- [Aim of the exercise]:
Please transcribe exactly the lines from the line holding "그리고 스프링 자체에" through the end of the data below, and skip any pictures.

- [Provided material]:
^^^^^^^^
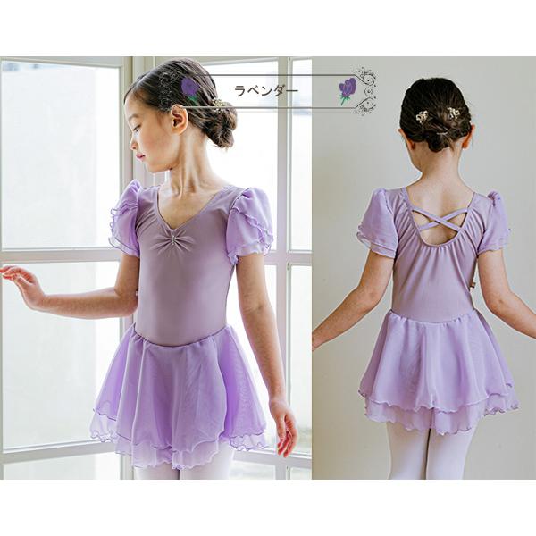 バレエレオタード 子供用 スカート付 薔薇のお袖
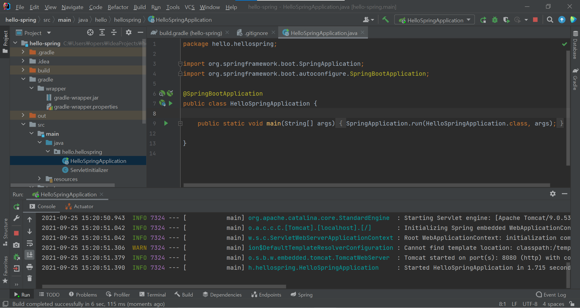 그리고 스프링 자체에 내장된 톰캣이 8080 포트에서 시작했다는 것을 볼수 있습니다.
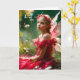 Une jeune fée magnifique avec des ailes délicates et une robe rouge est assise au milieu d'un jardin luxuriant entouré de fleurs et de feuilles. Elle porte une couronne de fleurs et regarde pensivement au loin, baignée dans une lumière douce et naturelle. Elle a l'air si triste qu'une abeille qui passe éclate en larmes.
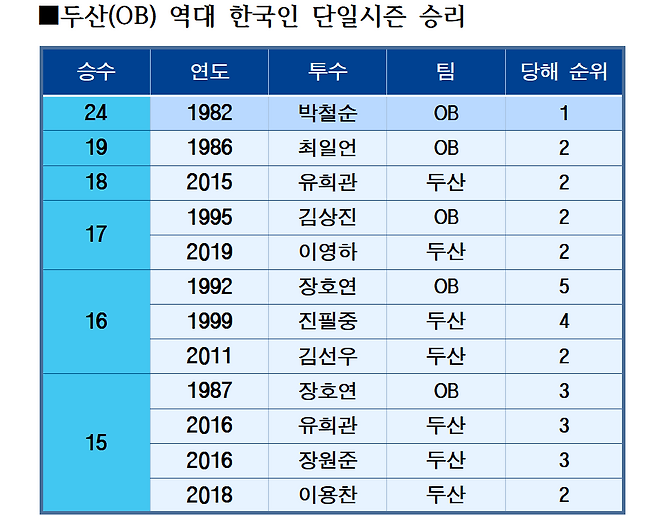 1982년 박철순 이후 OB 베어스에서 더 이상 다승왕은 나오지 않았다. 다시 말해 OB 베어스 시절 다승왕은 박철순이 유일하다.
^^^^^^^^
- [Answer section]:
 그리고 스프링 자체에 내장된 톰캣이 8080 포트에서 시작했다는 것을 볼수 있습니다.
 Une jeune fée magnifique avec des ailes délicates et une robe rouge est assise au milieu d'un jardin luxuriant entouré de fleurs et de feuilles. Elle porte une couronne de fleurs et regarde pensivement au loin, baignée dans une lumière douce et naturelle. Elle a l'air si triste qu'une abeille qui passe éclate en larmes.
 1982년 박철순 이후 OB 베어스에서 더 이상 다승왕은 나오지 않았다. 다시 말해 OB 베어스 시절 다승왕은 박철순이 유일하다.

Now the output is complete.